Techno’s always been a moving target—built to evolve, never meant to sit still. In 2025, the best artists are rebuilding the genre from the inside out, pulling from industrial, rave, pop, bass and rap. These are the artists blending it into something sharper, defined and inspiring. So much so they inspired our latest Current expansions, Bass Recall, and Hardwire Techno.

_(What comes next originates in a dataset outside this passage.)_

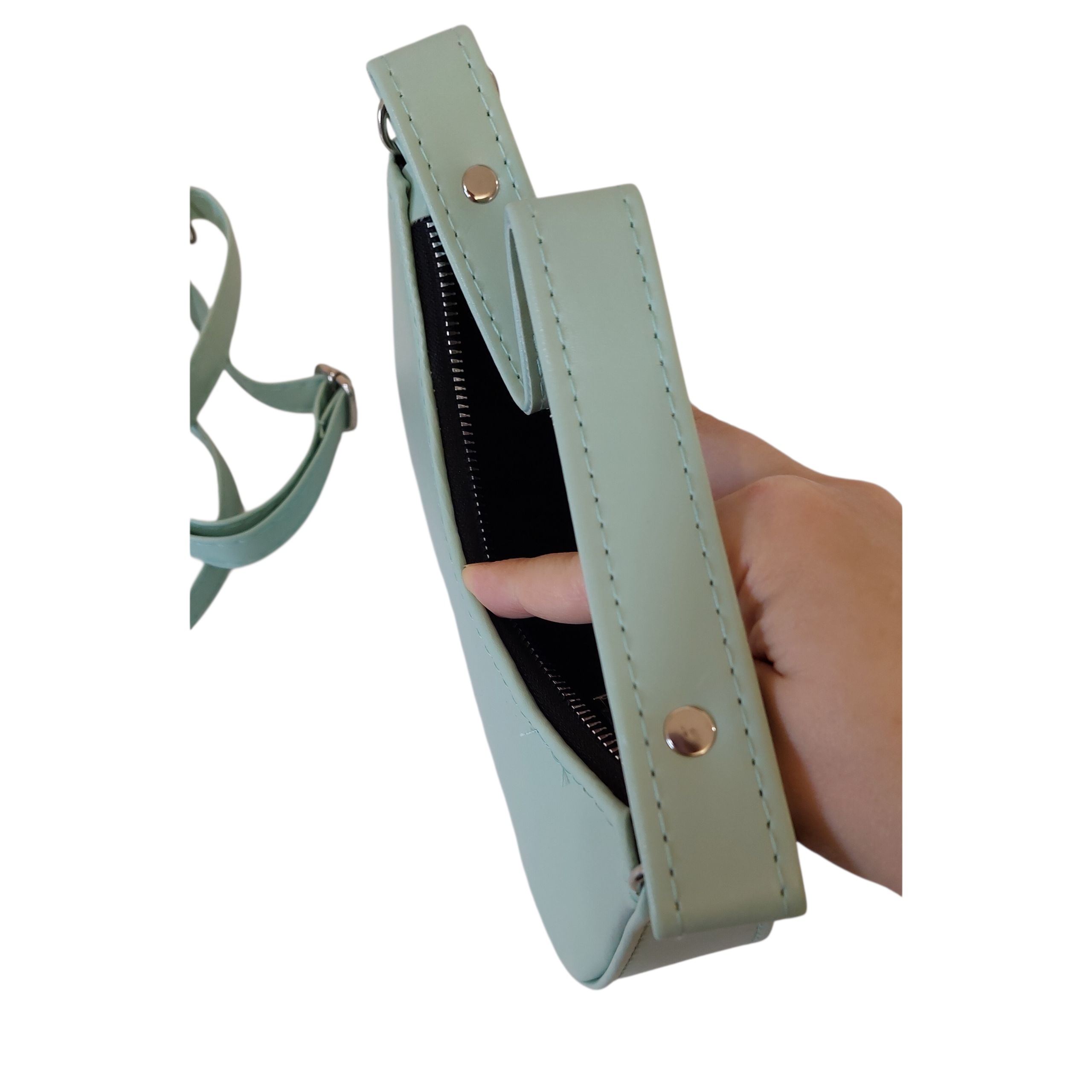 کیف چرم با کیفیت به رنگ  سبز آدامسی دارای دو بند. بند کوتاه برای استایل مجلسی و بند بلند برای استایل روزمره
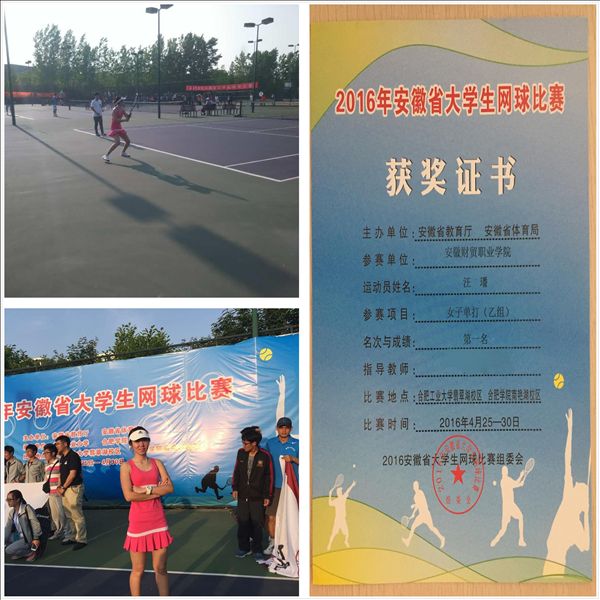 日前,2016年安徽省大学生网球比赛在合肥工业大学翡翠湖校区和合肥学院南艳湖校区举行,我院旅游管理系商英1401班汪璠同学报名参加了乙组女单(高职组)比赛项目并摘得冠军。

If you want to know what's happening, start here.


Schwefelgelb

Schwefelgelb are writing some of the most vital EBM/techno hybrids of the moment—tracks that snap and lurch and hit the floor hard. It’s physical music: clean lines, sharp edges, no wasted motion.

Varg2tm

Varg²™ treats techno like wreckage to be rebuilt. Trap, trance, jungle—all of it feeds into a sound that feels unstable, alive. Nothing’s sacred, and that’s the point.

VTSS

VTSS cuts through the noise like few others right now. Her sets hit with real pressure—fast, raw, urgent—but never chaotic for the sake of it. There’s a discipline inside the madness that feels built for the warehouse.

Skrillex

Skrillex deserves a mention here. After blowing up dubstep, he’s been circling toward underground sounds, collaborating with everyone from Four Tet to Flowdan and the previously mentioned Varg. Skrillex has invested his time and attention to underground music. It’s not about hype—it’s about energy. And when it’s locked in, it hits.

Ø [Phase]

Ø [Phase] reminds everyone that you don’t have to scream to be heard. His work is minimalist, exacting, and devastating when it lands. Proof that techno’s emotional weight isn’t tied to how loud or fast you go.

1morning

1morning is reviving the art of groove-driven, vinyl-heavy hard techno. His sets feel closer to Detroit than Berlin—swinging, physical, made for real dancers.

Rrose

Rrose is taking techno inward, using repetition and micro-shifts in sound to pull you under. It’s hypnotic, but it’s also deeply physical—you don’t listen, you fall in.

I Hate Models

I Hate Models runs on emotion. His tracks hit hard, but there’s a sadness underneath the distortion that makes it feel human. It's not just noise for the sake of it—there’s real weight there.

Lily Palmer

Lilly Palmer brings a different kind of intensity. Sleek, precise, but still grounded in that same physicality. It’s not about spectacle—it’s about movement, momentum, control.

Former

Former pulls from the drum & bass world, but not in any obvious way. His sound design hits harder than most pure techno producers, threading complex rhythms under dense, industrial atmospheres. It’s smart without being sterile.

Clouds

Clouds go the other way, smearing industrial grime all over their productions, building dystopias inside every track. It’s heavy but it breathes—giving you just enough oxygen to keep moving.


Techno isn’t about nostalgia. It’s about tension, friction, and momentum. You create pressure and then hold it until it breaks. These artists aren't trying to repackage the past—they’re building something new.